Information shown:
BEGIN

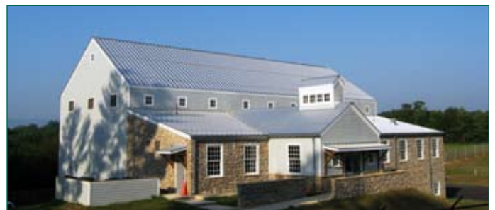
Coyner Springs Water Treatment Plant, Waynesboro

Coyner Springs holds a special place in the hearts of many in the Waynesboro area. Its historic rock-lined water channels and picnic shelters have been a favored recreation spot for generations. The challenge of creating a new water treatment facility at this site was taken as an opportunity to respect local character in new construction and to demonstrate that infrastructure projects can be both functional and very attractive. The City of Waynesboro designed a building that fits the Coyner Springs’ park setting. The design team embraced a barn style and natural materials that complement the beauty of the area and local architectural traditions.
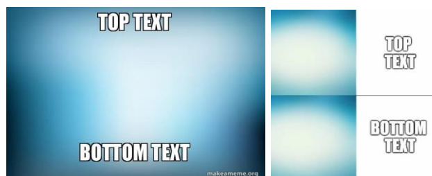
Figure 1: Two prototypical meme structures

They are deeply rooted in visual media culture and catch users’ attention with their puzzling vibe that calls for the active contribution of the viewer to unlock the meaning and thus adds a gratifying flavour. Internet memes are created by users according to collectively established and shared rules that govern the so-called memesphere : these rules dictate the conventional meaning of the pictorial parts and the position, font, syntax and narrative structure of the text, they “cannot be enforced by a specific person, but the community sanctions wrong uses by downvoting, not liking or simply not spreading the misused meme” (Osterroth, 2018, p.7). These same rules shape meme generators websites as https://imgflip.com/mememplates or https://makeameme.org/ : there are several accepted structures, two of the most common being those in Figure 1.
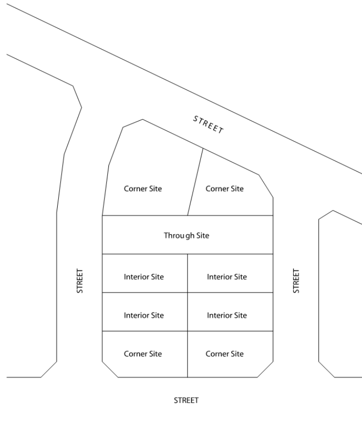
Figure 2-2: Illustration of Site Definition

Site Coverage: that portion of the site that is covered by principal and accessory buildings.
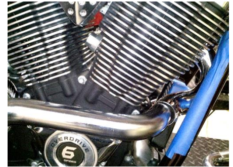
Fig 2.3 install front pipe with shield
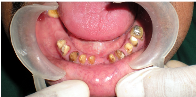
Figure 4: Cemented coping

During the modifications of tooth preparations it was taken care that tooth preparations were modified to achieve near parallel axial walls wherever possible. This is because parallel the walls of the coping, the greater mechanical friction interlocking of the coping with the overlying crown. The parallel axial walls of short teeth offer better resistance form. 5 Grooves were prepared in buccal and lingual walls of the abutments to achieve more retention. Wax pattern were fabricated with cervical shoulder, surveyed to check their parallelism and were cast in chrome cobalt alloy. Cast coping
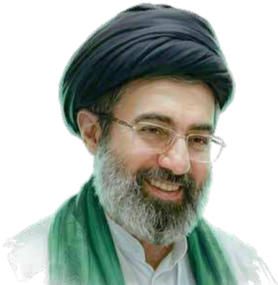
Iran's third Leader Ayatollah Seyyed Mojtaba Hosseini Khamenei releases his first message on March 12, 2026.

Regional countries should close US bases: Ayatollah Mojtaba Khamenei
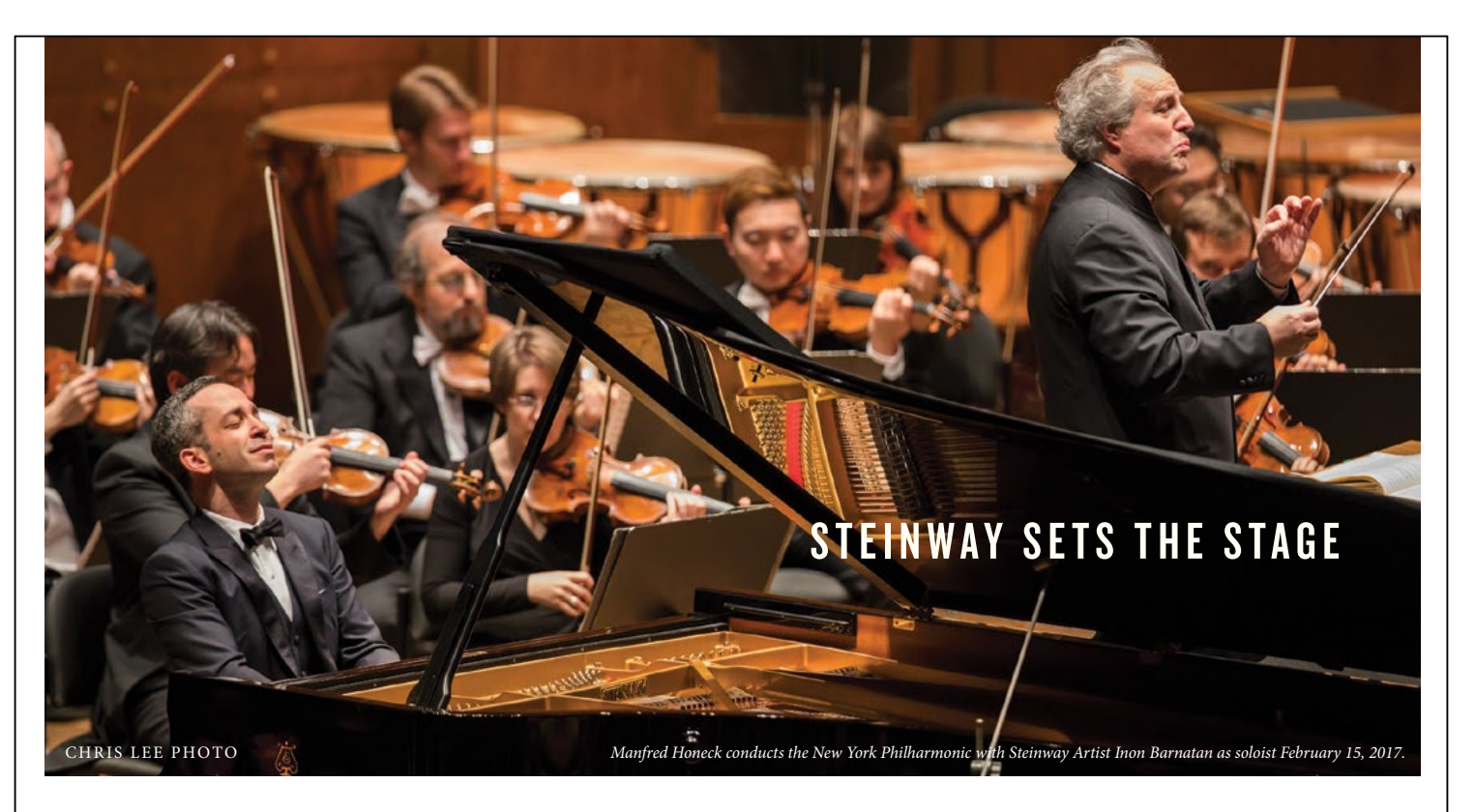
During the 2016-17 season, over 95% of concertizing pianists, when performing with orchestra, chose STEINWAY.
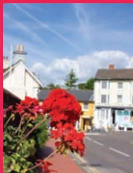
David Tingley As summer view looking West on Broad Street
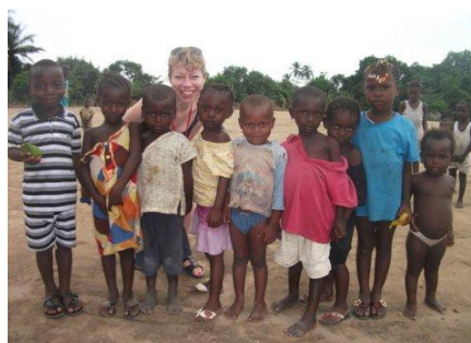
Out of school
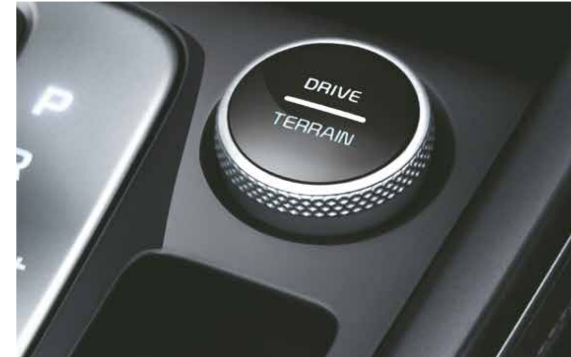
Traction control mode (snow, sand, mud)

With the new 1.4l petrol, 1.5l petrol and 1.5l diesel BS6 engines under the hood, the all-new Creta delivers a power packed performance on every terrain. Be it on the road or off it, the all-new Creta has the dynamism to go the distance.

END

Instructions for the task:
Go to the line above holding "Regional countries should", then copy exactly each line down to and including the one holding "Traction control mode (snow, sand, mud)", leaving pictures out.

Task answer:
Regional countries should close US bases: Ayatollah Mojtaba Khamenei
During the 2016-17 season, over 95% of concertizing pianists, when performing with orchestra, chose STEINWAY.
David Tingley As summer view looking West on Broad Street
Out of school
Traction control mode (snow, sand, mud)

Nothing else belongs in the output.